Les commissions scolaires francophones s’opposent aussi.
Bien que de mettre la hache dans les élections scolaires n’a pas le même impact dans les commissions scolaires de la majorité francophone, la Commission scolaire des Portages-de-l’Outaouais (CSPO) s’oppose aussi à cette abolition.
« Les élus des commissions scolaires sont très efficients et cela est corroboré par un récent rapport; 86% des parents sont satisfaits », dit Johanne Légaré, présidente de la CSPO, qui est d’avis que les commissions scolaires gèrent bien les millions qui leur sont attribués par le gouvernement.
« Nous sommes les chiens de garde qui assurons une distribution équitable des fonds. Pour nous, l’important c’est la réussite scolaire des étudiants.

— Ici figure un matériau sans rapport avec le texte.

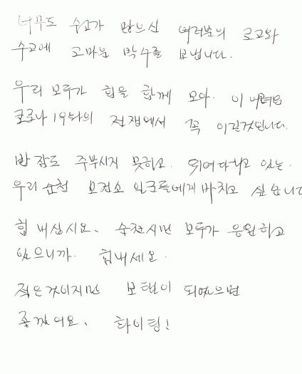 [¹Ìµð¾îÀü³² Á¦°¥´ëÁ¾ ±âÀÚ]Áö³ 5ÀÏ ¼øÃµ½Ãû ¾ÈÀüÃѰý°ú·Î À̸§À» ¹àÈ÷Áö ¾ÊÀº ½Ã¹ÎÀÌ °Ý·ÁÀÇ ¼ÕÆíÁö¿Í Çö±Ý 100¸¸¿øÀ» Àü´ÞÇÏ°í »ç¶óÁ³´Ù. ¼ÕÆíÁöÀÇ ÁÖÀÎÀº Äڷγª19 È®»ê¹æÁö¸¦ À§ÇØ °í»ýÇϰí ÀÖ´Â ¼øÃµ½Ã º¸°Ç¼Ò¸¦ À§ÇØ ÀÛÀº ÈûÀ»¡¦
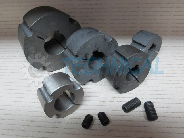 Mocowanie kół pasowych klinowych na tulei montażowej stożkowej Taper Lock z otworem metrycznym lub calowym dla szybkiego montażu i demontażu na wałach napędowych i napędzanych.

Nous avons été très bouleversés quand le ministre de l’Éducation a avancé que selon lui les commissaires n’étaient pas de bons gestionnaires », ajoute Mme Légaré.
Toutefois, les commissaires qui gèrent des millions de dollars sont élus avec des taux de participation extrêmement faibles, de l’ordre de 5% pour les commissions scolaires franco-phones. Selon Mme Légaré, il s’agit d’un non-enjeu. « Ce n’est pas un élément important. Vous avez 86% de la population qui est satisfaite. Les gens votent quand ils ne sont pas contents. »
La présidente de la CSPO s’inquiète du fait que le gouvernement ne regarde que le coût de l’éducation. « Pour moi, l’éducation est un investissement, pas une dépense », fait-elle remarquer.
Les deux commissions scolaires locales se battront pour cet objectif commun. « Nous sommes sur la même longueur d’onde quant à l’importance du rôle des commissaires pour une bonne gestion des commissions scolaires », dit Mme Légaré, qui trouve dommage que le gouvernement s’en prend à une organisation qui fonctionne bien et qui livre la marchandise. « Dans l’ensemble, l’éducation va très bien », a-t-elle ajouté.